2. The packaging material for energy storage components according to claim 1, wherein... The urethane bond concentration of the hydroxyl-containing polyurethane resin (a) is 0.10 mmol / g to 0.90 mmol / g. The concentration of the carbamate bonds is calculated using the following formula 1. Formula 1: Carbamate bond concentration (mmol / g) = [(NCO content of polyisocyanate (mass%) ÷ 100) × (the blending ratio of polyisocyanate (mass%) to the total (mass%) of polyols and polyisocyanates constituting the carbamate resin) ÷ 42 × 1000] + [(number of carbamate bonds inside the polyisocyanate ÷ molecular weight of polyisocyanate) × (the blending ratio of polyisocyanate (mass%) to the total (mass%) of polyols and polyisocyanates constituting the carbamate resin) × 1000].

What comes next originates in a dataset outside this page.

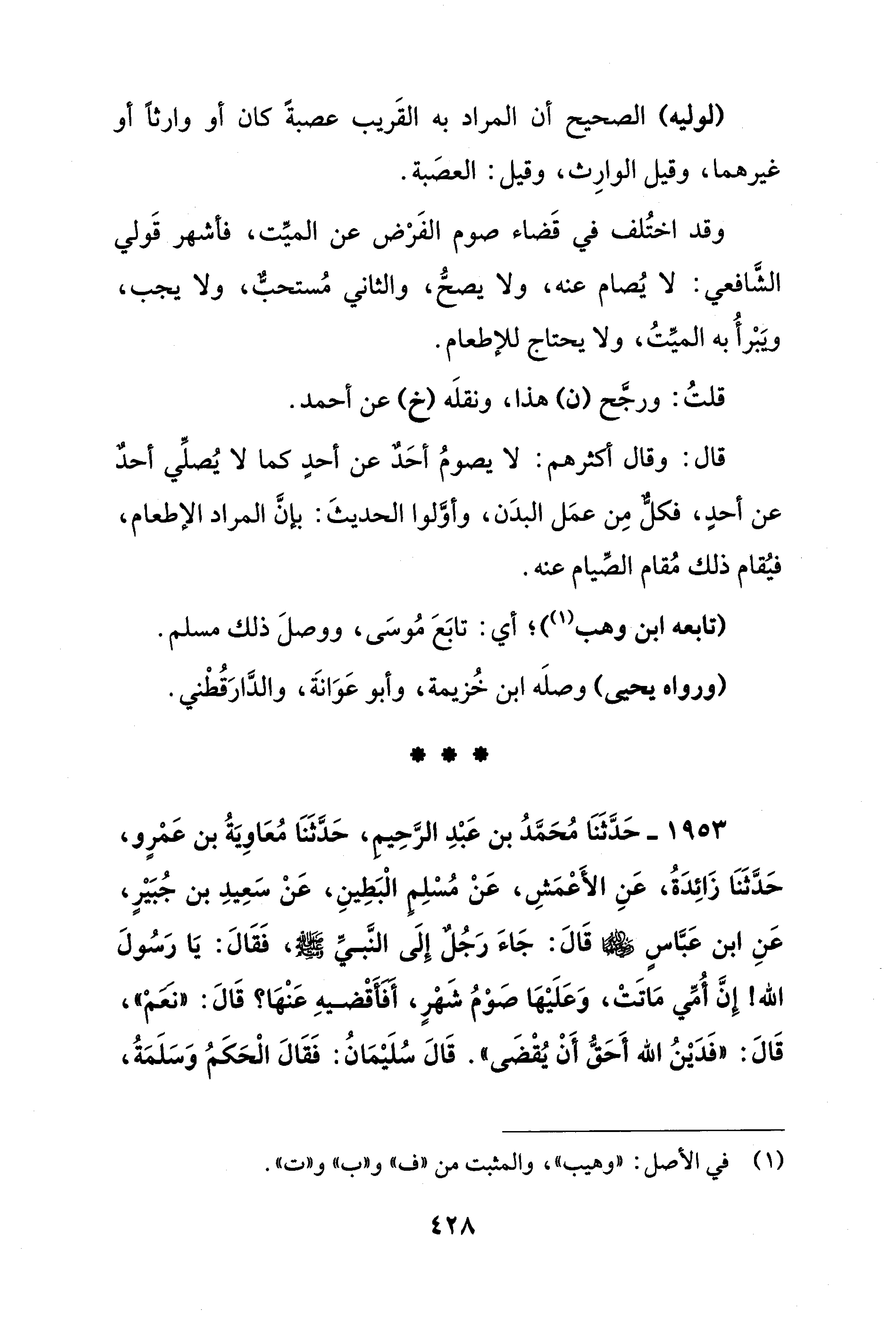 1953 - حَدَّثَنَا مُحَمَّدُ بن عَبْدِ الرَّحِيم، حَدَّثَنَا مُعَاوِيَةُ بن عَمرٍو، حَدَّثَنَا زَائِدَةُ، عَنِ الأعْمَشِ، عَنْ مُسْلِمٍ الْبَطِينِ، عَنْ سَعِيدِ بن جُبَيْرٍ، عَنِ ابن عَبَّاسٍ - رضي الله عنهما - قَالَ: جَاءَ رَجلٌ إِلَى النَّبيِّ - صلى الله عليه وسلم -، فَقَالَ: يَا رَسُولَ الله! إِنَّ أُمِّي مَاتَتْ، وَعَلَيْهَا صَوْمُ شَهْرٍ، أفأقْضيهِ عَنْها؟ قَالَ: "نعم"، قَالَ: "فَدَيْنُ الله أَحَقُّ أَنْ يُقْضَى". قَالَ سُلَيْمَانُ: فَقَالَ الْحَكَمُ وَسَلَمَةُ،

3. The packaging material for energy storage components according to claim 1 or 2, wherein... The hydroxyl value of the polyurethane resin (a) having hydroxyl groups is 0.5 mgKOH / g to 20 mgKOH / g.
4. The packaging material for energy storage components according to claim 1 or 2, wherein... The hydroxyl-containing polyurethane resin (a) is a product of the reaction of a polyester polyol with a weight average molecular weight of 5,000 to 30,000 and a polyisocyanate.
5. The packaging material for energy storage components according to claim 1 or 2, wherein... The weight-average molecular weight of the hydroxyl-containing polyurethane resin (a) is 40,000 to 70,000.
6. The packaging material for energy storage components according to claim 1 or 2, wherein... The glass transition temperature of the hydroxyl-containing polyurethane resin (a) is -10℃ to 20℃.
7. A container for an energy storage element, formed from packaging material for an energy storage element as described in any one of claims 1 to 6, wherein the outer resin film layer (1) of the container for the energy storage element forms a convex surface and the heat-sealing layer (5) forms a concave surface.
8. An energy storage element, comprising the energy storage element container as described in claim 7.